(Sharecast News) - Analysts at RBC Capital Markets upgraded their rating on shares of CMC Markets from 'speculative risk' to 'outperform' on Thursday following the group's first-half pre-close update.
CMC Markets raised its forecast for full-year operating profits on the back of the "strong" net trading revenues observed during the first half of its financial year 2020 thanks to higher income from its technology business and higher sales from its white-label stockbroking business.
For the six months ended 30 September, the firm said revenues from its stockbroking business were expected to reach roughly £14.0m, up from £5.5m one year ago, driven by increased sales from the various white-label partnerships it had in Australia, of which ANZ Bank was the biggest.
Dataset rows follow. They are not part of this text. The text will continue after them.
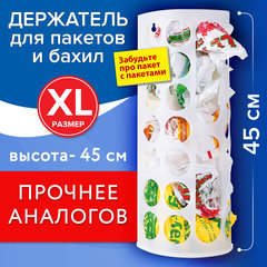 Держатель контейнер корзина XL для пакетов, мешков, бахил, 45х16х13 см, комплект крепежа, PREMIUM, 608283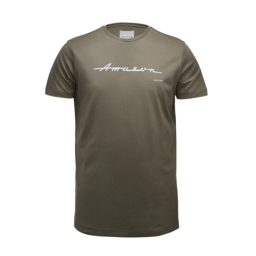 T-shirt wykonany w 70% z bambusa i w 30% z bawełny organicznej, z nadrukiem logo klasycznego Amazona.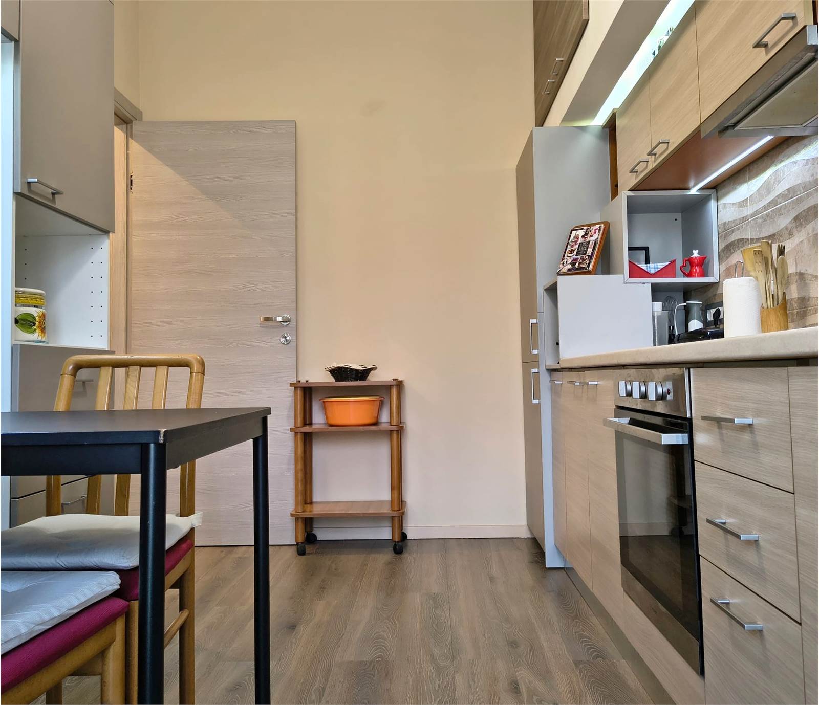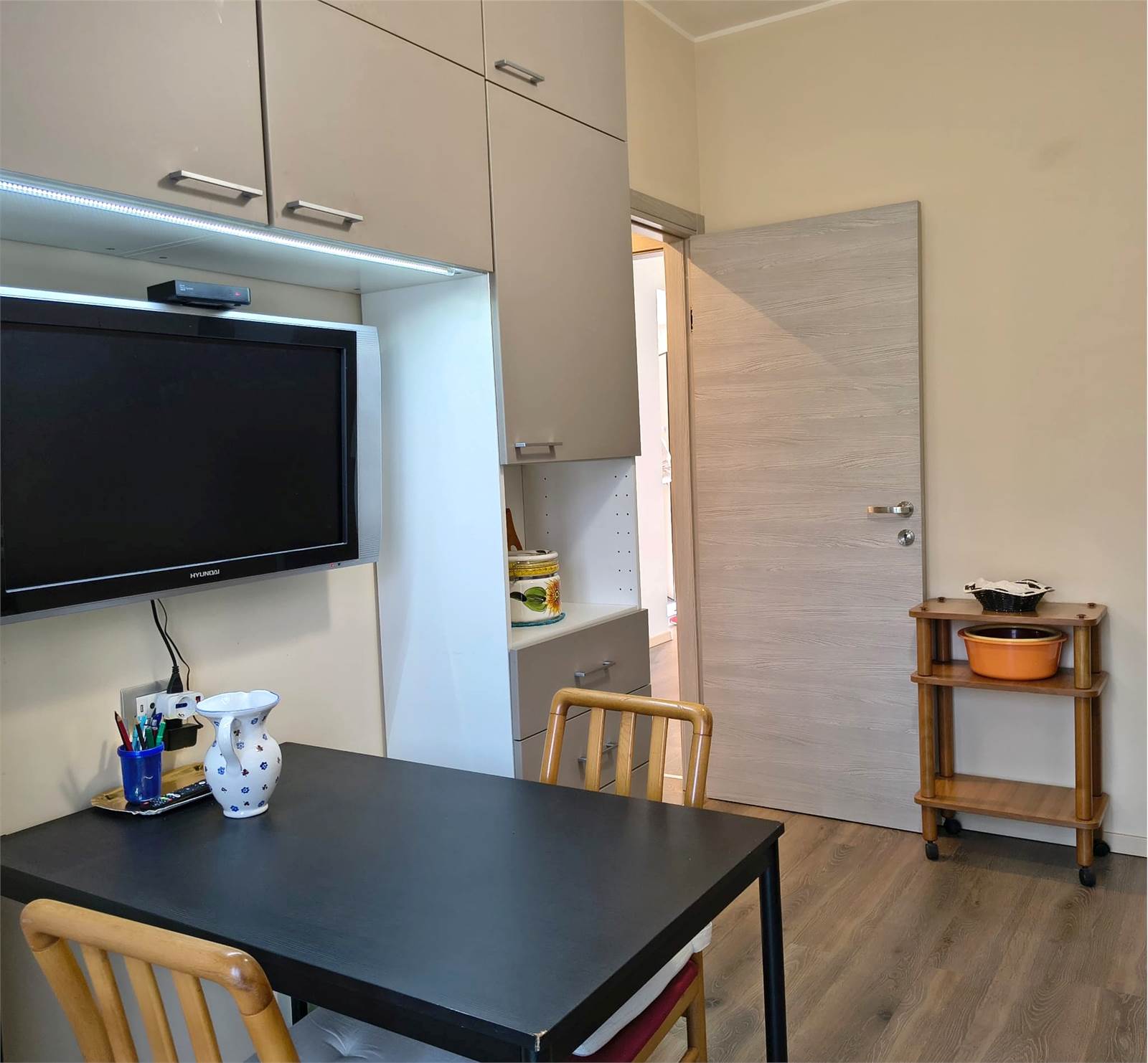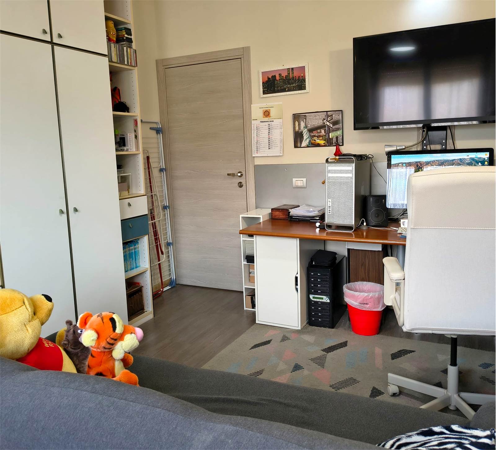 L’immobile si presenta in ottime condizioni ed è caratterizzato da ambienti ampi e luminosi. L’ ingresso si apre su un soggiorno esposto a sud con portico coperto. Adiacente troviamo un ampio studio (utilizzabile anche come cameretta). La cucina è abitabile con accesso al balcone.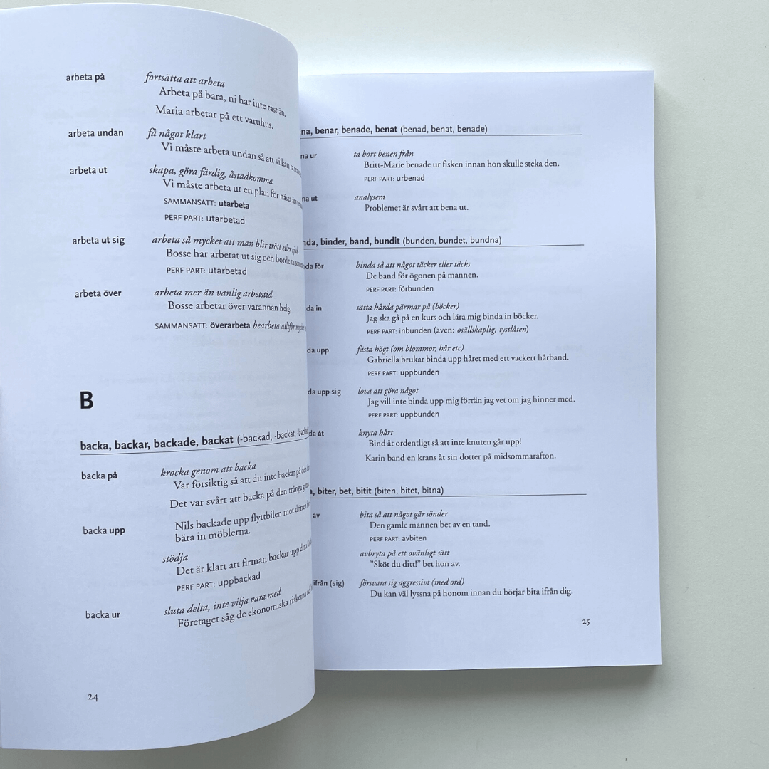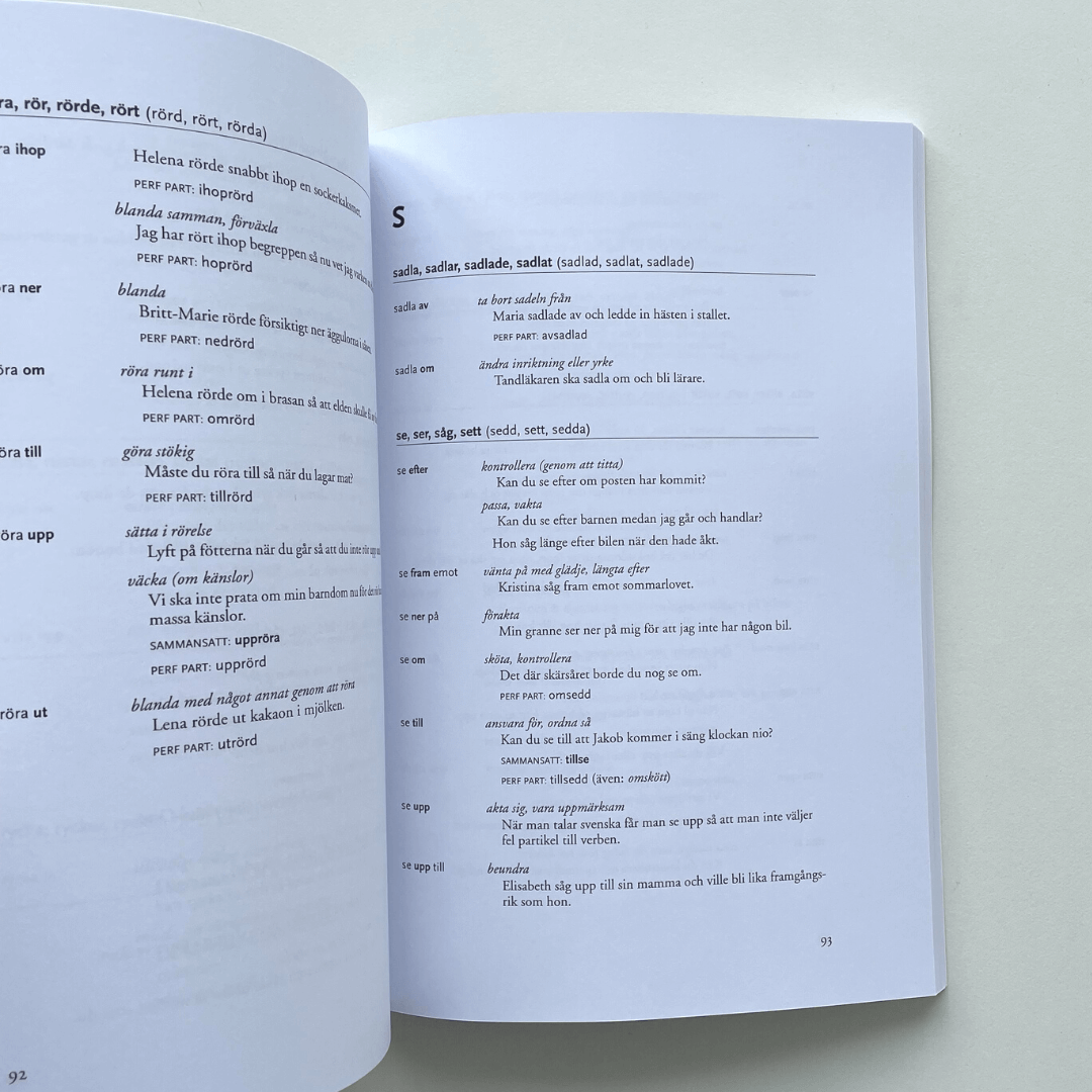 Każde słowo jest wyjaśnione po szwedzku oraz użyte w kontekście.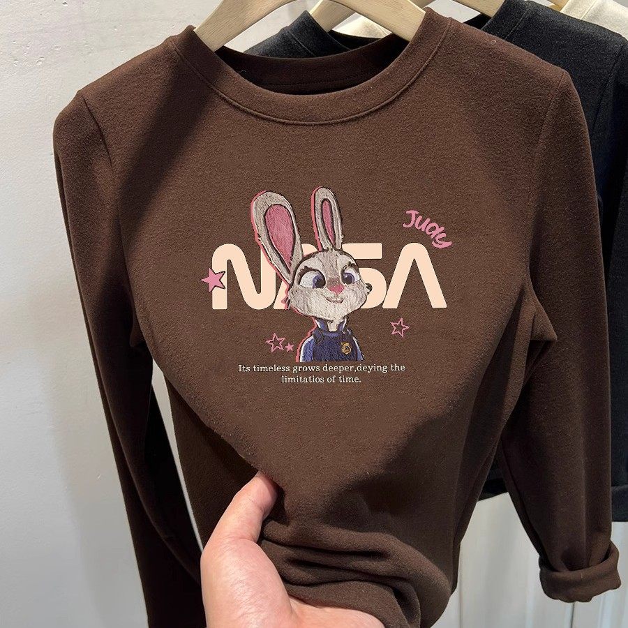 也太美了叭!洋气双面磨毛德绒长袖T恤女洋气猫咪印花打底衫上衣
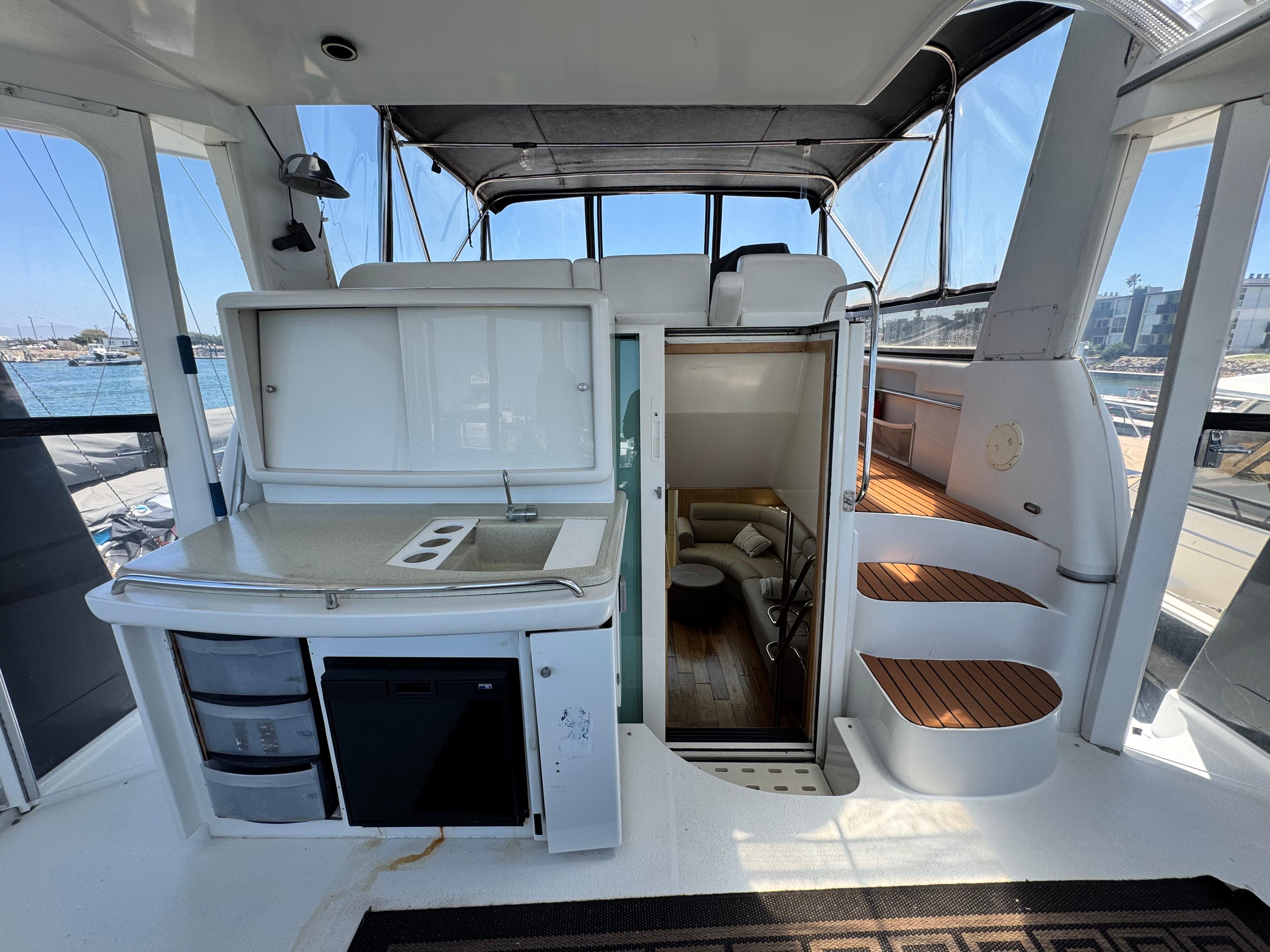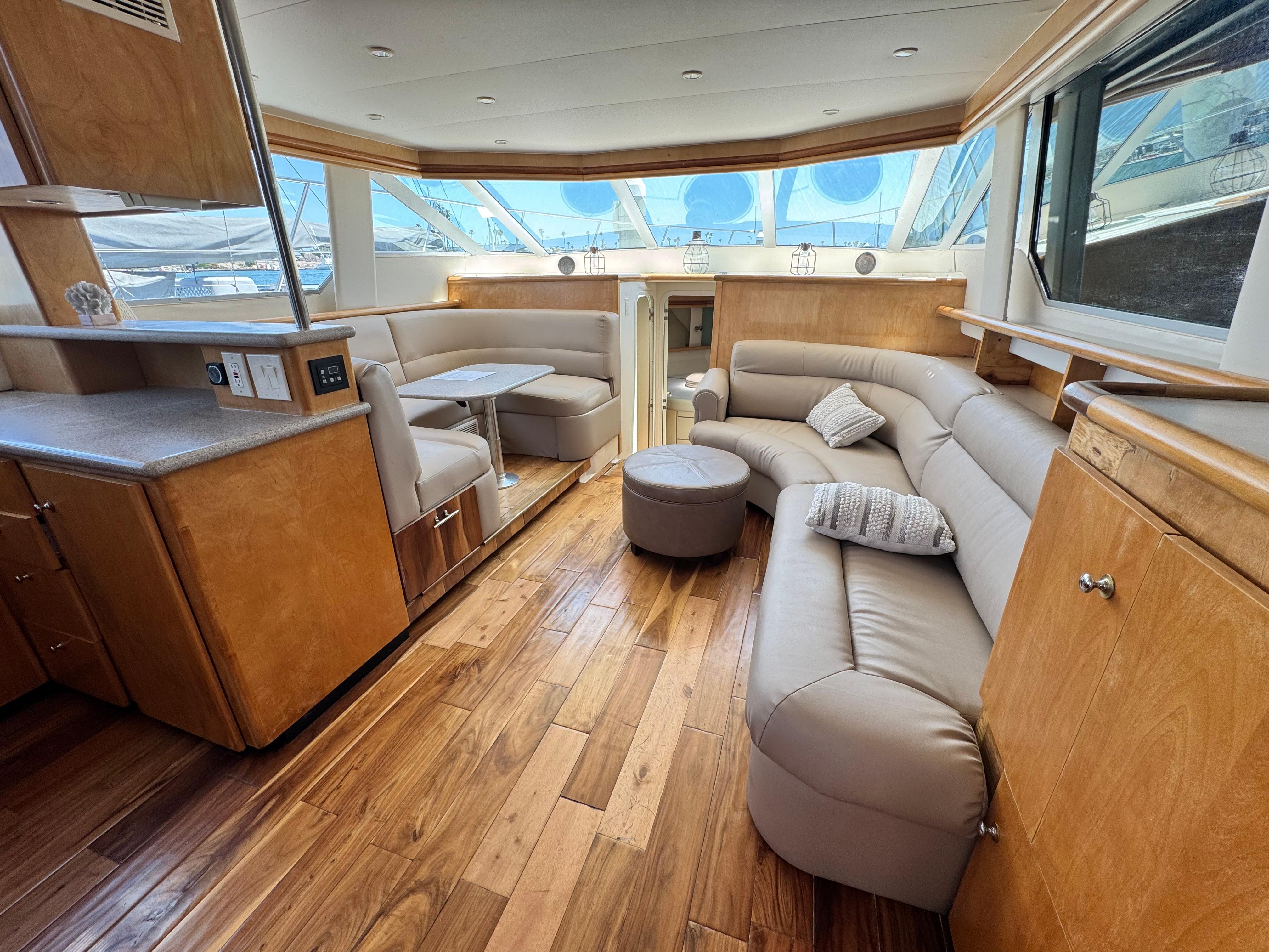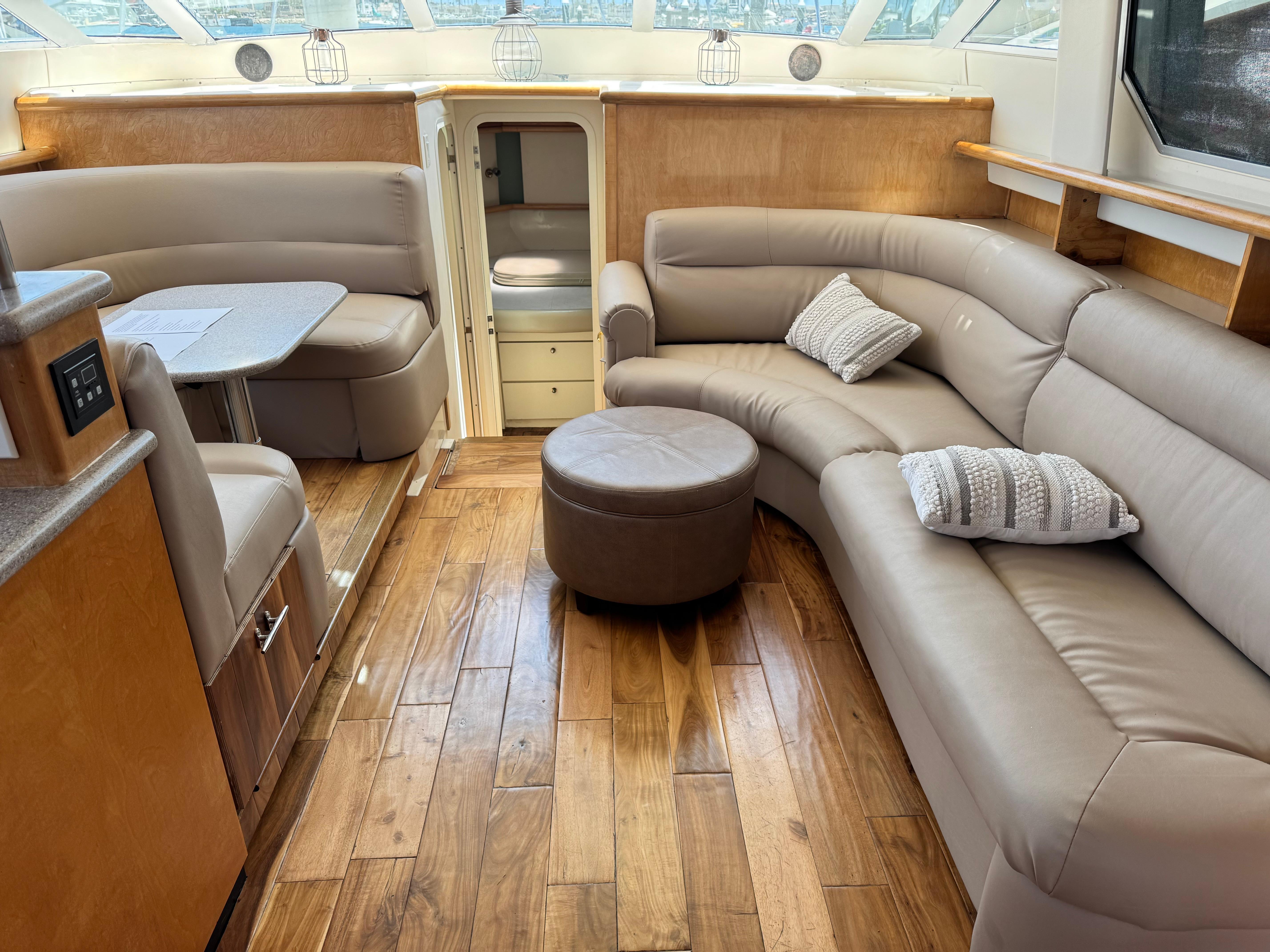 Extensive work has been completed on the boat in recent months, including a remodeled interior with all-new leather upholstery. The interior wood has been sanded and varnished. Additional upgrades include a new refrigerator and new kitchen tiling.

RBC Capital Markets said that following a "challenging" 2019 trading year, CMC Markets' first-half update suggested a "strong rebound in profit", leading its recommendation for the firm's shares.
The Canadian broker also believed regulatory risks to the company's earnings trajectory were "more than reflected in the share price" and pointed to some "substantial" upside potential.
RBC, which bumped its price target on CMC up to 125p from 120p, highlighted an "encouraging" 150% increase in stockbroking revenue for CMC Markets, with white label partnerships in Australia said to be the key driver.
Lastly, the analysts pointed out that 2020 was the first full-year where CMC's ANZ transaction would positively contribute for the entire year.
"Following upgraded guidance, we have increased our 2020 stockbroking income in our model by 12%," said RBC.